Les difficultés d'une histoire du mouvement révolutionnaire communiste de gauche et communiste de conseils ne tiennent pas seulement au dépassement critique de leur propre histoire. Elles sont surtout le produit d'une histoire, tragique, qui depuis presque soixante années s'est traduite par une disparition des traditions révolutionnaires du mouvement ouvrier, qui avaient culminé avec la Révolution russe et la Révolution en Allemagne. Une sorte d'amnésie collective a semblé s'installer dans la classe ouvrière, sous l'effet de défaites suc­cessives et répétées trouvant leur culmination dans la deuxième guerre mondiale, qui a détruit des générations qui maintenaient vivantes les expériences vécues d'une lutte révolutionnaire et le fruit de décennies d'éducation socialiste. Mais c'est surtout le stalinisme, la contre-révolution la plus profonde qu'ait connue le mouvement ouvrier, avec la dégé­nérescence de la Révolution russe, qui a réussi le mieux à gommer cette mémoire collective, indissociable d'une conscience de classe. L'histoire du mouvement ouvrier, et surtout celle du courant révolutionnaire de gauche dans la 3e Internationale, est devenue une gigantesque entreprise de falsifications idéologiques au service du capitalisme d'Etat russe, puis des Etats qui se bâtirent sur le même modèle après 1945. Cette histoire devenait la glorification cynique du Parti unique au pouvoir et de son appareil étatique et policier. Sous couvert d' 'internationalisme", l'histoire officielle, "révisée", au fur et à mesure des règlements de comptes et des "tour­nants" successifs, devenait un discours étatique et nationaliste, de justification de toute guerre impérialiste et de la terreur, de justification des instincts les plus bas et les plus morbides cultivés sur le sol putréfié de la contre-révolution et de la guerre.

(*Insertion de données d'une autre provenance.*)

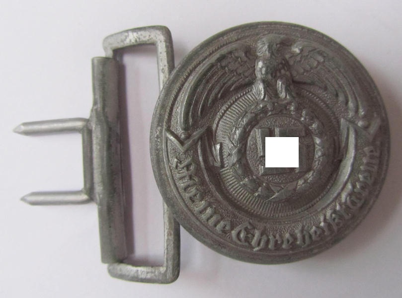This is a nice example of a rare, SS-officers'-type belt-buckle, based in silvered zinc (aka 'Feinzink'), that is neatly stamped: 'RzM'-'SS'-'36/42'-'OLC', being IMO a mid-war example as produced by the 'Overhoff & Cie' company based in Lüdenscheid, in very nice and only slightly used condition. The piece retains most of its original silverish paint - just some normal wear and age is visible - and has IMO never been cleaned nor polished. Of course does this piece have all the characteristics as to be expected on a genuine 'Overhoff' piece. The detail on this piece is simply extraordinary. The first such piece I ever had on offer!
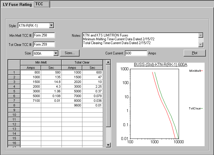 Figura 2: Guia Curva Tempo-Corrente da Caixa de Diálogo de Fusíveis de BT

Il vaut la peine, à ce propos, de citer l'historien Georges Haupt, disparu en 1980, qui s'est fait connaître par la probité de ses travaux sur la 2e et la 3e Internationales :

"A l'aide de falsifications inouïes, foulant aux pieds et mépri­sant les réalités historiques les plus élémentaires, le stalinisme a méthodiquement gommé, mutilé, remodelé le champ du passé pour le remplacer par sa propre représentation, ses mythes, son autoglorification. L'histoire du mouvement ouvrier international se fige elle aussi en une collection d'images mortes, truquées, vidées de toute substance, rempla­cées par des copies maquillées où le passé se reconnaît à peine. La fonction que le stalinisme assigne à ce qu'il consi­dère et déclare être l'histoire, et dont la validité sera imposée au mépris de toute vraisemblance, exprime une peur profonde de la réalité historique qu'il s'efforce de masquer, tronquer, déformer systématiquement pour en faire le terrain du conformisme et de la docilité. A l'aide d'un passé imaginaire, fétichisé, privé des éléments rappelant la réalité, le pouvoir cherche non seulement à obstruer la vision du réel mais à tétaniser la faculté de perception elle-même. D'où la nécessité permanente d'anesthésier, de pervertir la mémoire collective, dont le contrôle devient total du moment que le passé se voit traiter en secret d'Etat et l'accès aux documents est interdit."

Enfin, vint la période de mai 1968, le surgissement d'un mou­vement social d'une telle ampleur, qui parcourut le monde de la France à la Grande-Bretagne, de la Belgique à la Suède, de l'Italie à l'Argentine, de la Pologne à l'Allemagne. Nul doute que la période d'éclosions ouvrières dans la période 1968-1974 a favorisé la recherche historique sur le mouvement révolutionnaire. Nombre de livres parurent sur l'histoire des mouvements révolutionnaires du XXe siècle, en Allemagne, Italie, France, Grande-Bretagne. Le fil rouge d'une continuité historique, entre le passé lointain des années 1920 et la pé­riode de mai 1968, apparut évidente à ceux qui ne se laissaient pas abuser par le côté spectaculaire de la révolte étudiante. Bien rares furent cependant ceux qui virent l'existence d'un mouvement ouvrier renaissant de ses cendres, dont l'effet fut le réveil d'une mémoire historique collective, anesthésiée, en­dormie pendant près de quarante années. Pourtant, dans un enthousiasme confus, les références historiques révolution­naires sortaient spontanément et dans une joyeuse profusion de la bouche des ouvriers qui parcouraient les rues de Paris et fréquentaient les Comités d'action, antisyndicaux. Et ces références, ce n'étaient pas les étudiants "gauchistes", historiens et sociologues qui les leur soufflaient dans l'oreille. La mé­moire collective ouvrière évoquait - souvent de façon confuse, et dans la confusion des événements - toute l'histoire du mou­vement ouvrier, ses principales étapes : 1848, la Commune de Paris, 1905, 1917, mais aussi 1936, qui en était l'antithèse avec la constitution du Front populaire. C'est à peine si était évoquée l'expérience décisive de la Révolution allemande (1918-1923). L'idée des conseils ouvriers, préférée à celle de soviets moins purement prolétariens avec leur masse de sol­dats et paysans, apparaissait de plus en plus dans les discus­sions de la rue et dans les comités d'action nés de la vague de grève généralisée.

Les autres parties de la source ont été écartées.